ComEd Sole Customer for Power OutputIllinois Wind Energy (IWE) and Tomen Power Corp. (TPC) are ComEd's co-developers on the wind farm in north Illinois, which will rise in Bureau County's Crescent Ridge area.
"This project puts Illinois Wind Energy at the forefront of commercial-scale wind development in Illinois," said Stefan Noe, president of IWE, an Illinois limited liability company that was formed in September 2000 to develop utility-scale wind farms in the Prairie State.
The Crescent Ridge project will take shape inside a belt of 2,200 acres (880 hectares) of working farmland. The 34 wind turbines, however, will only occupy 20 (eight hectares) acres of that space. All the surrounding land will be unaffected and will continue to be available for farming, ComEd officials said. The 24 turbines will have a collective output of 51 megawatts, enough electricity to power 20,000 homes.
ComEd, which has more than $15 billion in annual revenues, will be the Crescent Ridge wind farm's sole customer.
"The power purchase agreement with ComEd provides the economic assurance to make this project possible," Noe said. "ComEd has not only made a significant commitment to help bring the Crescent Ridge wind project to life, but also is making a significant commitment to the environment and to Illinois' future."
TPC, the project's third partner, is financing the wind farm. TPC is a subsidiary of Tomen Power Holdings, one of the largest wind-power developers, with operating facilities accounting for some 5 percent of the world's total wind-power generation.
Gusts of Air Can Be a Location PlusMore than a few areas futilely try to land expansion projects by largely blowing hot - and empty - air, many site selectors contend. Fast-blowing air, however, was exactly why the Tiskilwa area landed the new wind farm.

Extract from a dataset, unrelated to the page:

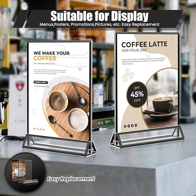 - 【Double-Sided Display Design】This uniquely designed 15 Pack 5x7 black acrylic sign holder features a back-to-back double-sided display design. Its vertical double-sided structure ensures clear visibility of two photos or menu signs, making your table arrangement practical and visually appealing from any angle.
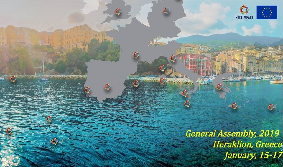 Η Περιφέρεια Κρήτης διοργανώνει την Τακτική Συνέλευση του Ευρωπαϊκού Έργου H2020 SOCLIMPACT στην Κρήτη (15-17/1/2019), για την επίδραση της Κλιματικής Αλλαγής στην Γαλάζια Οικονομία (DownScaling Climate imPACTs and decarbonisation pathways in EU islands, and enhancing socioeconomic and nonmarket evaluation of Climate Change for Europe, for 2050 and beyond-http://soclimpact.org).

The Crescent Ridge area has an average wind speed of 17 miles per hour (27.2 kilometers per hour), one of the state's highest rates. Illinois as a whole ranks 16th among U.S. states in wind-power generating capacity.
"Illinois is positioned to be a leader in renewable resources, especially with respect to wind generation," Juracek said.
The strong gusts at Crescent Ridge are a must, given the huge dimension of the wind farm's 34 turbines. Those turbines are 380 feet (115 meters) high, equipped with three-blade rotors that stretch out 235 feet (71 meters) in diameter. Rolling Meadows, Ill.-based NEG Micon will supply the turbines for the Crescent Ridge wind farm.
One of the state's most notably wind-worthy locales - Chicago, the fabled Windy City - is watching the Crescent Ridge project with interest. Chicago has a five-year goal of deriving a fourth of its total power from alternative sources. The city intends to meet its 20-percent goal for "green power" by utilizing a mix of hydropower, solar power and power from landfill gas, Chicago officials said.
Chicago, however, will need to separately negotiate with ComEd to secure part of the Crescent Ridge farm's output. That's just what the city intends to do, according to Dept. of the Environment Commissioner Marcia Jimenez.